━━━━━ RECORDED INFORMATION

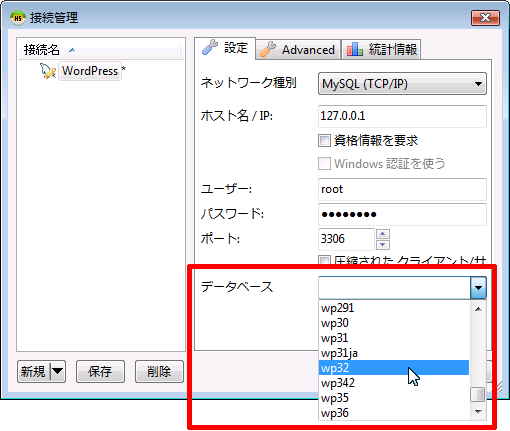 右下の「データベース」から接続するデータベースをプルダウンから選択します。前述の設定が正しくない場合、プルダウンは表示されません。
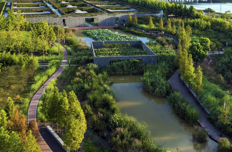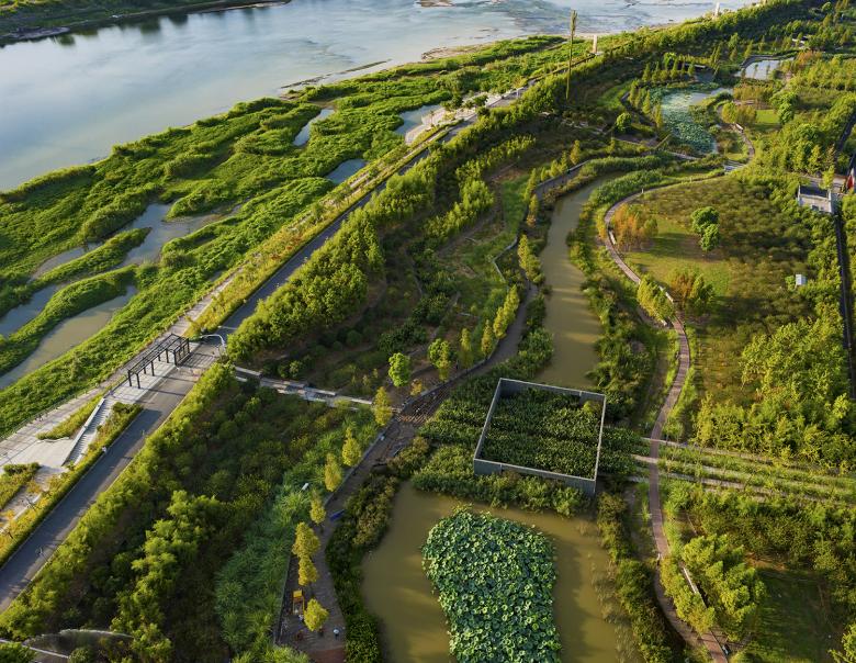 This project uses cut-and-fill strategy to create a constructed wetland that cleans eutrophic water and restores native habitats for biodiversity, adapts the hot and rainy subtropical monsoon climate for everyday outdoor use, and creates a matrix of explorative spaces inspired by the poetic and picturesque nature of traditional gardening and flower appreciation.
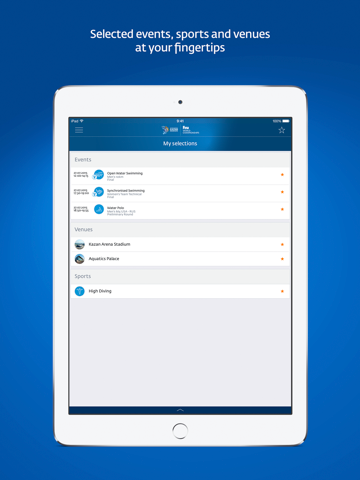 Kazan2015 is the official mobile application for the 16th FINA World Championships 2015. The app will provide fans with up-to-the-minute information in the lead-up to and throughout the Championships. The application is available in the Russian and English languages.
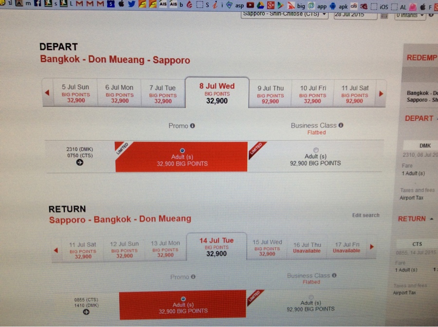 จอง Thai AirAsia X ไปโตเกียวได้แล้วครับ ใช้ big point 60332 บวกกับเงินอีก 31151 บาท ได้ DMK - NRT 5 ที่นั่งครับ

━━━━━━━━━━

** WHAT THE TASK ASKS **
A word-for-word copy of the lines from the start of the listing through the line containing "This project uses" is the answer. Pictures stay out of it.

** EXERCISE OUTPUT **
 右下の「データベース」から接続するデータベースをプルダウンから選択します。前述の設定が正しくない場合、プルダウンは表示されません。
 This project uses cut-and-fill strategy to create a constructed wetland that cleans eutrophic water and restores native habitats for biodiversity, adapts the hot and rainy subtropical monsoon climate for everyday outdoor use, and creates a matrix of explorative spaces inspired by the poetic and picturesque nature of traditional gardening and flower appreciation.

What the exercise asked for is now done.